Thursday, May 31, 2012
Thursday, April 26, 2012
The Oreo Bear Is Having Trouble T.T
Dear Mama Oreo Bear,
Life is hard here in China, for some reason we have to share our bamboo. The great leader, Mao ZeOreo, took all of the bamboo for himself and is not sharing with me. I am so hungry I've resorted to advertisement in America. You might see me in commercials diving for food. Don't be alarmed it's just my way of making a living. They barely pay me because I am a follower of Mao ZeOreo, and must share my earnings.

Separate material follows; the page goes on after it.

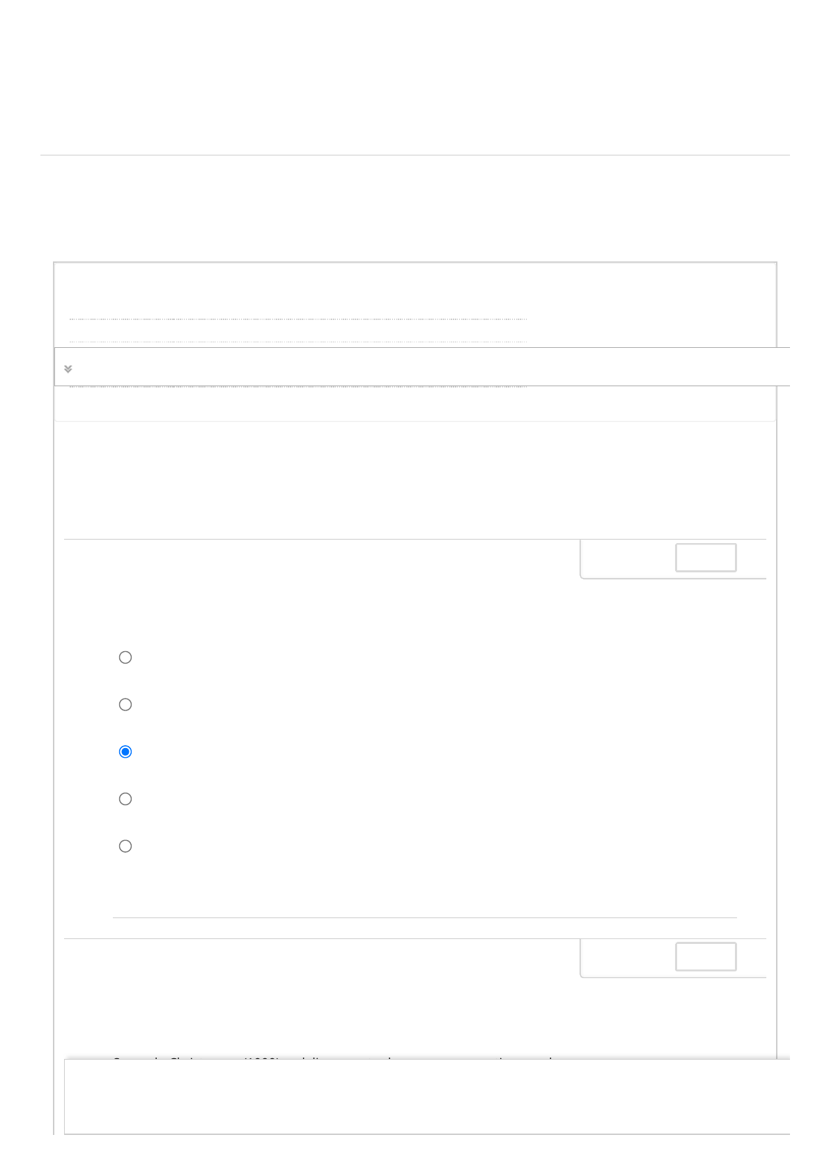 25/10/2021 20:02 Fazer teste: QUESTIONÁRIO UNIDADE IV – PLANEJAMENTO ... https://ava.ead.unip.br/webapps/assessment/take/launch.jsp?course_assessment_id=_846316_1&course_id=_181110_1&content_id=_2307739_… 1/4 Fazer teste: QUESTIONÁRIO UNIDADE IV PLANEJAMENTO ESTRATÉGICO 3027-60_57008_R_E1_20212_02 CONTEÚDO Informações do teste Descrição Instruções Várias tentativas Este teste permite 3 tentativas. Esta é a tentativa número 1. Término e envio Este teste pode ser salvo e retomado posteriormente. Suas respostas foram salvas automaticamente. a. b. c. d. e. PERGUNTA 1 A ameaça de novos entrantes dependerá das barreiras para se entrar em um determinado mercado. Esses são fatores que devem ser superados pelos novos entrantes, caso eles venham a competir com sucesso. Algumas barreiras típicas são, entre outras: Economias de escala, acesso a canais de distribuição, experiência, retaliação esperada, legislação e diferenciação. Economias de escala, capital de entrada, acesso a canais de distribuição, experiência, legislação e diferenciação. Economias de escala, capital de entrada, acesso a canais de distribuição, experiência, retaliação esperada, legislação e diferenciação. Capital de entrada, acesso a canais de distribuição, experiência, retaliação esperada, legislação e diferenciação. Economias de escala, capital de entrada, acesso a canais de distribuição, retaliação esperada, legislação e diferenciação. 0,25 pontos Salva a. b. PERGUNTA 2 A estratégia corporativa apresenta, como conteúdo, decisões abrangentes, como a de�nição das fronteiras da corporação (decisões sobre o escopo), o direcionamento das decisões da corporação para os relacionamentos entre as unidades de negócio e a determinação dos métodos que de�nem o grau e a forma de diversi�cação da corporação. Segundo Christensen (1999), o delineamento do escopo corporativo envolve três dimensões: No escopo produto-mercado – no escopo histórico – no escopo vertical. No escopo produto mercado no escopo geográ�co no escopo vertical 0,25 pontos Salva ? Estado de Conclusão da Pergunta: UNIP EAD BIBLIOTECAS MURAL DO ALUNO TUTORIAIS Clique em Salvar e Enviar para salvar e enviar. Clique em Salvar todas as respostas para salvar todas as respostas. CONTEÚDOS ACADÊMICOS http://company.blackboard.com/ https://ava.ead.unip.br/webapps/blackboard/execute/courseMain?course_id=_181110_1 https://ava.ead.unip.br/webapps/blackboard/content/listContent.jsp?course_id=_181110_1&content_id=_2307431_1&mode=reset https://ava.ead.unip.br/webapps/portal/execute/tabs/tabAction?tab_tab_group_id=_10_1 https://ava.ead.unip.br/webapps/portal/execute/tabs/tabAction?tab_tab_group_id=_27_1 https://ava.ead.unip.br/webapps/portal/execute/tabs/tabAction?tab_tab_group_id=_47_1 https://ava.ead.unip.br/webapps/portal/execute/tabs/tabAction?tab_tab_group_id=_29_1 https://ava.ead.unip.br/webapps/portal/execute/tabs/tabAction?tab_tab_group_id=_25_1 https://ava.ead.unip.br/webapps/login/?action=logout 25/10/2021 20:02 Fazer teste: QUESTIONÁRIO UNIDADE IV – PLANEJAMENTO ... https://ava.ead.unip.br/webapps/assessment/take/launch.jsp?course_assessment_id=_846316_1&course_id=_181110_1&content_id=_2307739_… 2/4 b. c. d. e. No escopo produto-mercado – no escopo geográ�co – no escopo vertical. No escopo produto – no escopo geográ�co – no escopo vertical. No escopo produto-mercado – no escopo geográ�co – no escopo horizontal. No escopo estratégico – no escopo geográ�co – no escopo vertical. a. b. c. d. e. PERGUNTA 3 Ao usar o modelo de Porter para entender as forças competitivas, é fundamental ter em mente os seguintes pontos: O modelo não deve ser usado no nível das unidades estratégicas de negócios, e sim no nível da organização como um todo, devido à diversidade das operações. O modelo deve ser usado no nível das unidades estratégicas de negócios, e não no nível da organização como um todo, devido à diversidade das operações. O modelo deve ser usado no nível das estratégias convertidas, e não no nível da organização como um todo, devido à diversidade das operações. O modelo deve ser usado no nível das unidades estratégicas de negócios, e não no nível da organização como um todo, devido à uni�cação das operações. O modelo deve ser usado no nível das unidades estratégicas de negócios e também no nível da organização como um todo. 0,25 pontos Salva a. b. c. d. e. PERGUNTA 4 As cinco forças de Porter podem ser usadas para obter ideias das forças e dos fatores que atuam no ambiente setorial de uma unidade de negócios que necessita de atenção especial para o desenvolvimento de um plano estratégico. O modelo deve ser usado como mais do que uma simples lista de fatores. As questões a seguir ajudam a focar nas implicações dessas forças para a organização. Aponte a alternativa incorreta. Quais fatores-chave no macroambiente estão direcionando a competição? É provável que as forças mudem de perspectiva? Como? Quais são as forças e as fraquezas da organização em relação às forças que importam para ela? O que os gestores podem fazer para in�uenciar as forças que afetam sua unidade de negócios? Quais fatores-chave no microambiente estão direcionando a competição? 0,25 pontos Salva PERGUNTA 5 Deve-se levar em conta que todas as estratégias estudadas têm seus riscos. Adotar uma estratégia competitiva não é garantia de sucesso. A seguir, serão listados os riscos possíveis para o fracasso de uma estratégia de custos 0,25 pontos Salva Estado de Conclusão da Pergunta: Clique em Salvar e Enviar para salvar e enviar. Clique em Salvar todas as respostas para salvar todas as respostas. 25/10/2021 20:02 Fazer teste: QUESTIONÁRIO UNIDADE IV – PLANEJAMENTO ... https://ava.ead.unip.br/webapps/assessment/take/launch.jsp?course_assessment_id=_846316_1&course_id=_181110_1&content_id=_2307739

Mama I am sorry! I should of went to college so that maybe I wouldn't be so miserable. I can barely move to go to rivers to get water, and have no strength to even break bamboos anymore. I fear that I won't be alive anymore so I wrote you this letter. In this letter is a song, and I hope you imagine me singing it.
Oh the great leader Mao ZeOreo
Ruined the life of all black and white bear-eos
I don't want to share my bamboo
I don't want to live off my own poo
I want the oreeo bears to live on proud
I want Mao ZeOreo to fall from his cloud
Life is hard here in China, for some reason we have to share our bamboo. The great leader, Mao ZeOreo, took all of the bamboo for himself and is not sharing with me. I am so hungry I've resorted to advertisement in America. You might see me in commercials diving for food. Don't be alarmed it's just my way of making a living. They barely pay me because I am a follower of Mao ZeOreo, and must share my earnings.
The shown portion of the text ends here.